The VTGOP’s Problems in a Nutshell

Not that they handle it well, but leaders of the VTGOP are in a tough spot. On one hand they’ve got backers of plausible moderate Gov. Phil Scott, the only Republican who’s shown he can win a statewide election; on the other, the die-hard Trumpists and QAnon believers who, sadly, make up much of the party’s base. The latter’s irrepressible dogmatism makes it very tough for old-fashioned Republican types to stay involved.

Because they have to put up with stuff like a recent email exchange among Lamoille County Republicans, shared with me by a very annoyed Lamoille County Republican. It begins with an email sent to a Republican group list from one Shannara Johnson, a dyed-in-the-wool Q type and, ahem, Republican candidate for the House in 2020.

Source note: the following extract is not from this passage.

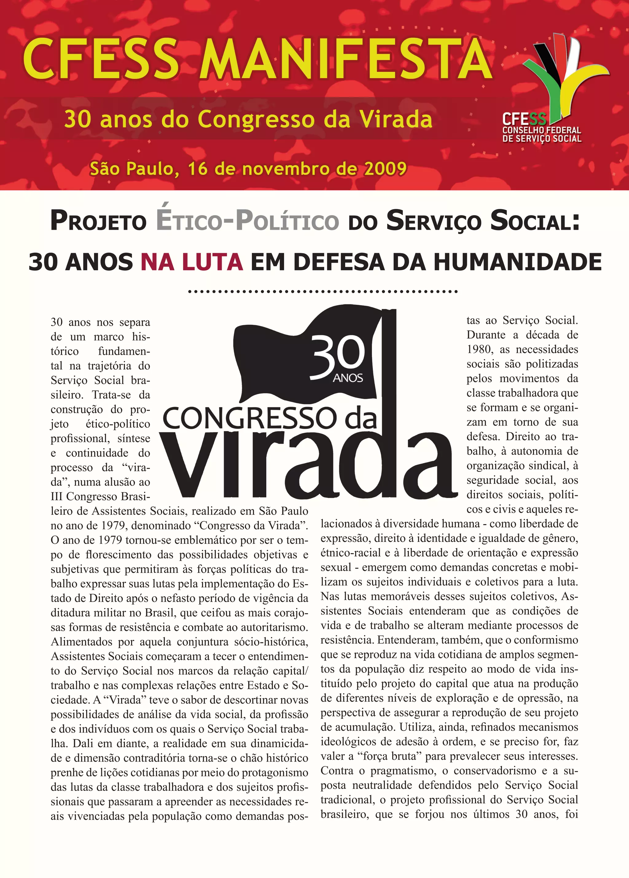 O documento descreve o projeto ético-político do Serviço Social brasileiro que se desenvolveu nos últimos 30 anos a partir do III Congresso Brasileiro de Assistentes Sociais em 1979. O projeto se baseia na luta por liberdade, trabalho e direitos humanos contra o capitalismo e em defesa dos interesses dos trabalhadores. Ao longo dos anos, o projeto aprimorou seu arcabouço teórico e ético para enfrentar os desafios atuais de desigualdade social.

Johnson shared a link to an essay alleging that the United States was operating multiple bioweapons labs in Ukraine, a claim that’s been thoroughly debunked.

Other Republicans on the thread reacted strongly to the post. One called it “Russian propaganda.” Another termed it “a typical and obvious conspiracy theory.” Five people asked for their names to be removed from the email list because of Johnson’s post.

And that’s the dilemma faced by traditional Republicans. In order to stay in the party, they have to put up with the Shannara Johnsons of the world. All the time. I have seen similar conspiracy theories expressed at Vermont Republican state committee meetings, for Pete’s sake.

It must be said that other respondents expressed support for Johnson, albeit with a tenuous grasp of the language. “We are all living in a fantacy land is we trust every utterance that comes out of Washington,” wrote one. “There more going on besides the biolabs,” wrote another.

After a while, Johnson fired back.

Remember when it was a conspiracy theory that Jeffrey Epstein was a child sex trafficker for the rich and powerful…that COVID came from the Wuhan lab…that Fauci’s NIH had actually ordered Wuhan’s gain-of-function research…that the vaccines change your DNA…or that abortion clinics were harvesting and selling organs from aborted fetuses?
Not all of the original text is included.